■ WORK ITEM ■
The required output is the stretch from the line containing "- Тумба с раковиной" through the line containing "從河北省自然資源廳獲悉:12" in the records below, unaltered and with no pictures.

■ LISTED RECORDS ■
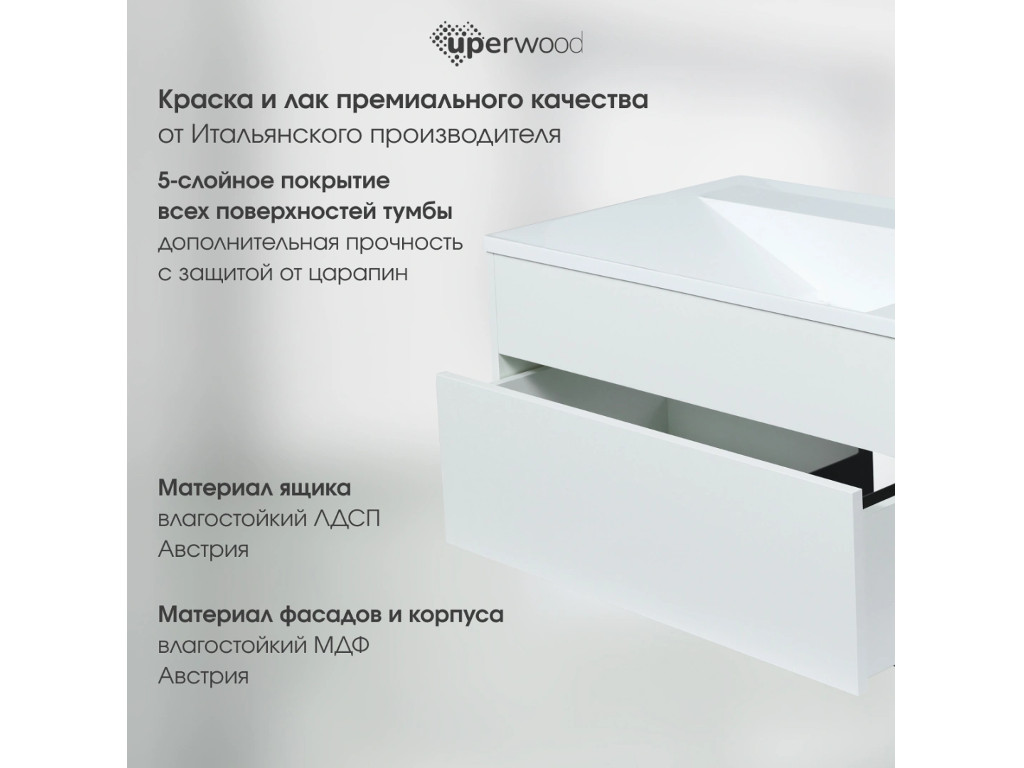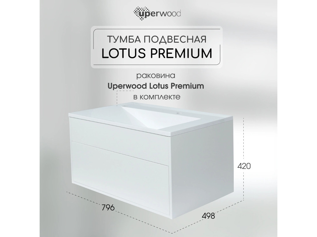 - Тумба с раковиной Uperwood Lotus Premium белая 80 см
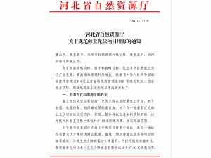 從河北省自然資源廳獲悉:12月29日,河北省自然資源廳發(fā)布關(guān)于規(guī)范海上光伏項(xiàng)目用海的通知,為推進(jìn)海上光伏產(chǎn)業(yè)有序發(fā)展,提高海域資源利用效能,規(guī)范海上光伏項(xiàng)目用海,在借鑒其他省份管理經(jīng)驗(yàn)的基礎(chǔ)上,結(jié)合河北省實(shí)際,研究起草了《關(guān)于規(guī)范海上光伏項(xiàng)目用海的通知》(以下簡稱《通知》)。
---
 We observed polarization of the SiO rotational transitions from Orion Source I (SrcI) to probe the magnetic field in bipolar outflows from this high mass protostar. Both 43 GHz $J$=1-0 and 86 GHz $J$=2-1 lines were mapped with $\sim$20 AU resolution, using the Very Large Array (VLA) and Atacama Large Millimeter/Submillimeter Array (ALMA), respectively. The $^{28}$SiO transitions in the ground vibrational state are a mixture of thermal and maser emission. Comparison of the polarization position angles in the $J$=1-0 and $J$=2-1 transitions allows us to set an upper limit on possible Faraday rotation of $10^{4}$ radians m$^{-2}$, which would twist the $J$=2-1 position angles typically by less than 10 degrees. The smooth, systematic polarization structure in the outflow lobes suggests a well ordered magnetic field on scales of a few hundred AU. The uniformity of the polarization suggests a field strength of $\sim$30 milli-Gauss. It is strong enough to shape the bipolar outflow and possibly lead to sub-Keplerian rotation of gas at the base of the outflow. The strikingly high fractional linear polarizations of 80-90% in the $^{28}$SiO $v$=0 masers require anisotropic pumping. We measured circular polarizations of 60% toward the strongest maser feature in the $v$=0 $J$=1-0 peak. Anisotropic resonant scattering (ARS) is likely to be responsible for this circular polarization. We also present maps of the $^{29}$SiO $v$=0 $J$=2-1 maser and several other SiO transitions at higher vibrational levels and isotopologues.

■ REPLY ■
 - Тумба с раковиной Uperwood Lotus Premium белая 80 см
 從河北省自然資源廳獲悉:12月29日,河北省自然資源廳發(fā)布關(guān)于規(guī)范海上光伏項(xiàng)目用海的通知,為推進(jìn)海上光伏產(chǎn)業(yè)有序發(fā)展,提高海域資源利用效能,規(guī)范海上光伏項(xiàng)目用海,在借鑒其他省份管理經(jīng)驗(yàn)的基礎(chǔ)上,結(jié)合河北省實(shí)際,研究起草了《關(guān)于規(guī)范海上光伏項(xiàng)目用海的通知》(以下簡稱《通知》)。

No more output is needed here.